President John Taylor foresaw this atmosphere. Discussing the Sunday Schools in October 1877, the First Presidency made the following statement:

The “Mormon” Church will have a music of its own, of the Hebraic order, and inspired with prophetic themes, and hence, like as in the Catholic Church, it will be universally cultivated as the highest branch of art, and in this in time will give birth among our people to great singers and great composers.1

This vision of John Taylor is now being fulfilled, but there are many things we must do and guard against. First, we must train ourselves to be outstanding musicians and artists. There is no substitute for hard work and labor. We must train our technical facilities to be competitive with musicians everywhere in the world. There are teachers who will help and guide you in your endeavor, but the most significant preparation you will ever do will be in the privacy of your own practice room and study.

There are no free gifts when it comes to preparation.

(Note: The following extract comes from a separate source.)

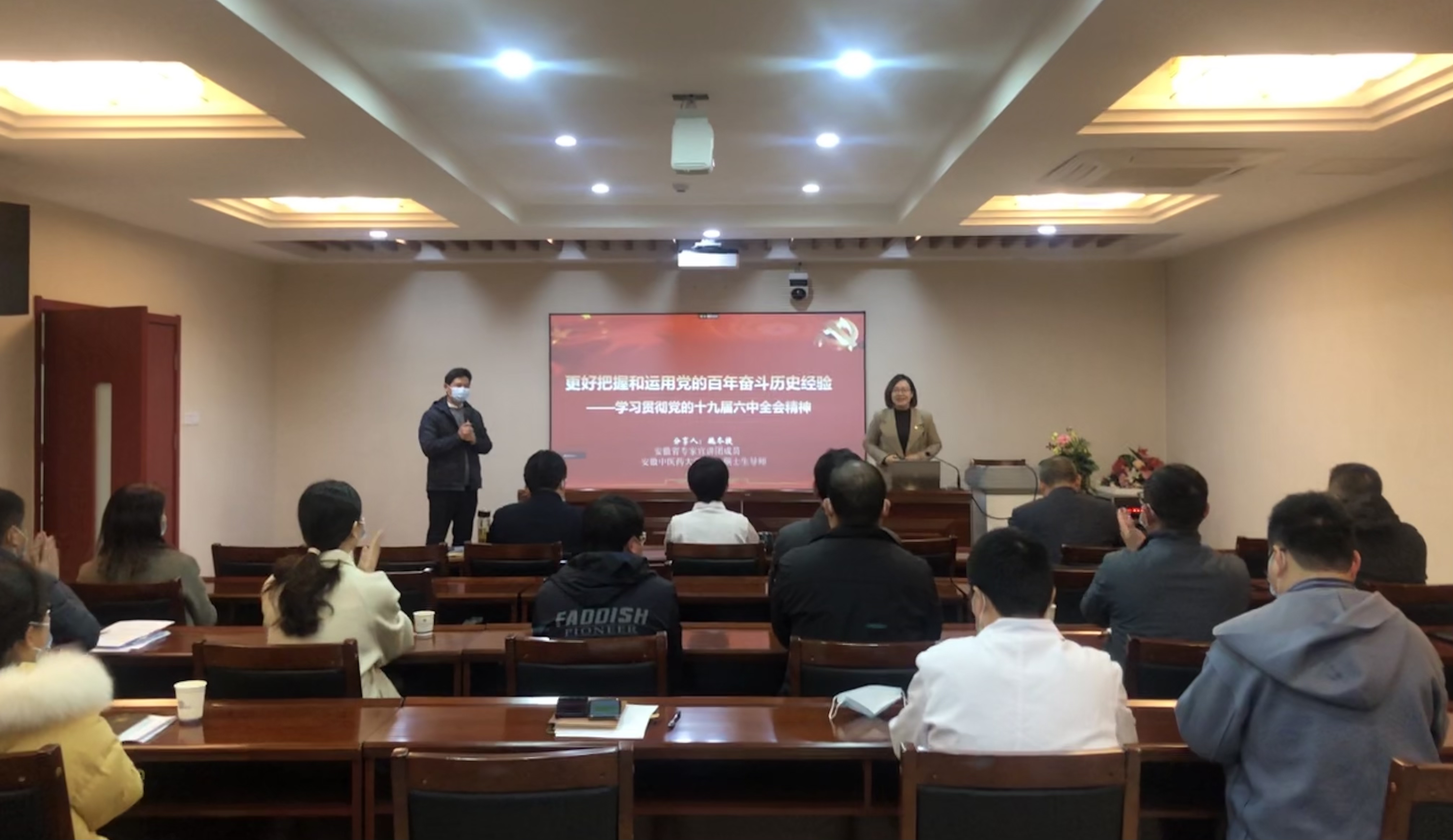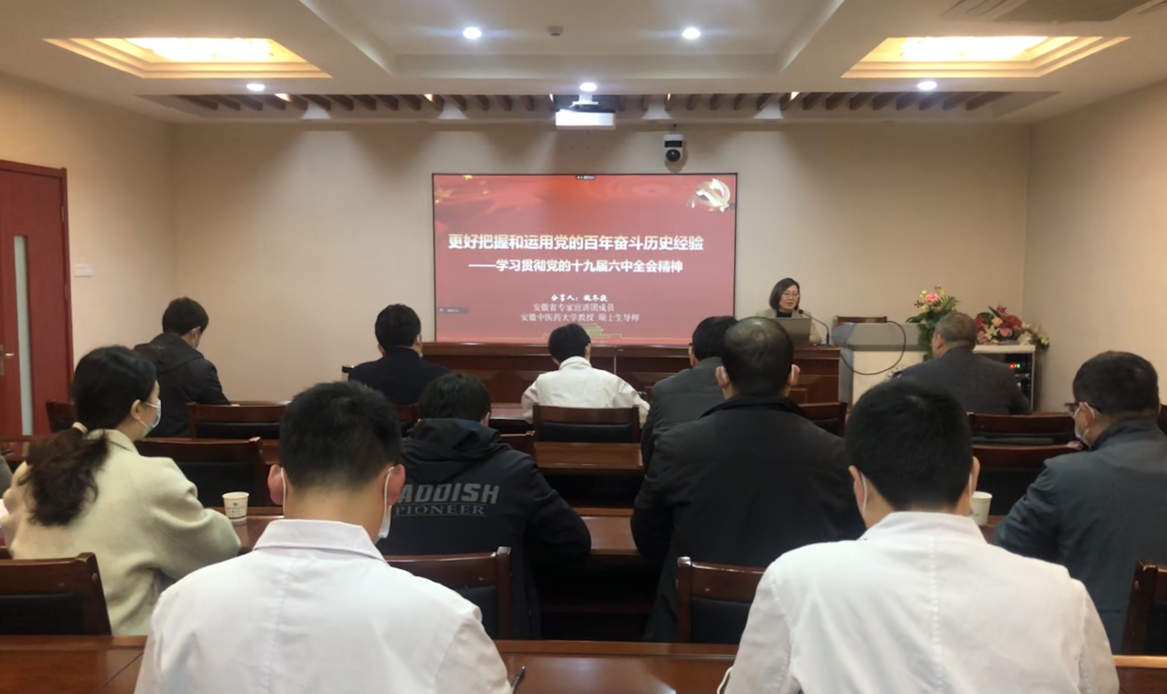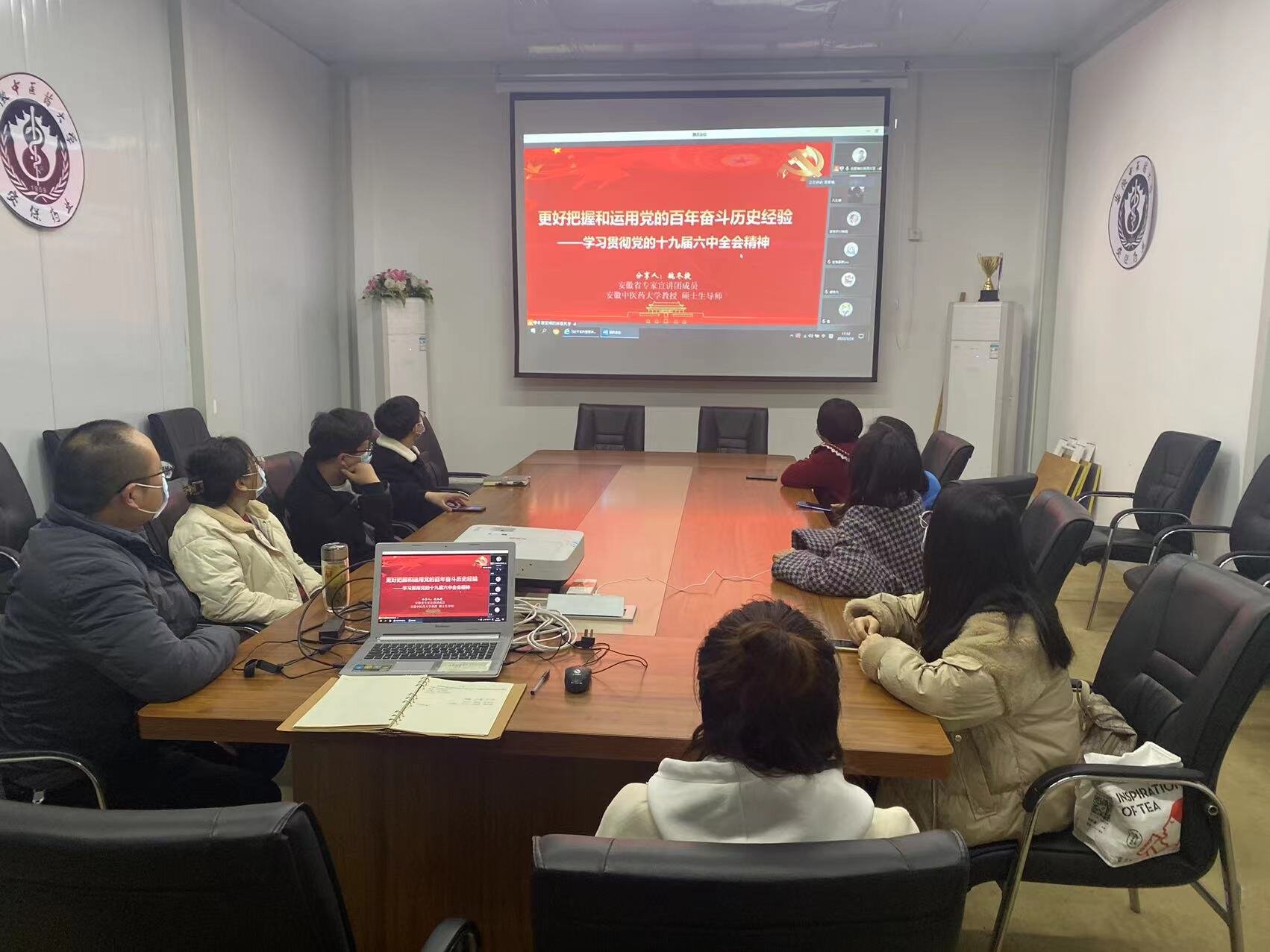 为继续深入学习宣传贯彻党的十九届六中全会精神,引导党员干部把思想和行动统一到全会精神上来,3月24日晚,资产经营有限公司在花园街国医堂三楼会议室召开2022年“企业党建大讲堂”第一讲,特邀学校马克思主义学院教授魏冬捷作《更好把握和运用党的百年奋斗历史经验——学习贯彻党的十九届六中全会精神》专题宣讲会。受疫情影响,本次宣讲会采取线上网络直播与线下会场宣讲相结合的方式进行,公司领导班子成员、党总支委员、中层及以上干部、全体党员和入党积极分子参与了本次学习。本次会议由公司党总支书记、董事长张亚辉主持。

We can only become true artists when we are prepared in every way to create great works. Singing the “song of the heart” without the ability to be artistic, creates work that is sentimental, trite, and trivial. Such works are around us all the time, and they will fall back into the same obscurity in which they were created. Mediocre art is insignificant and will never last. Great art is born out of keen preparation and hard work. In the scriptures it says, “Be not idle but labor with your might” (D&C 75:3) that ye may have “great joy in the fruit of [your] labors” (Alma 36:25).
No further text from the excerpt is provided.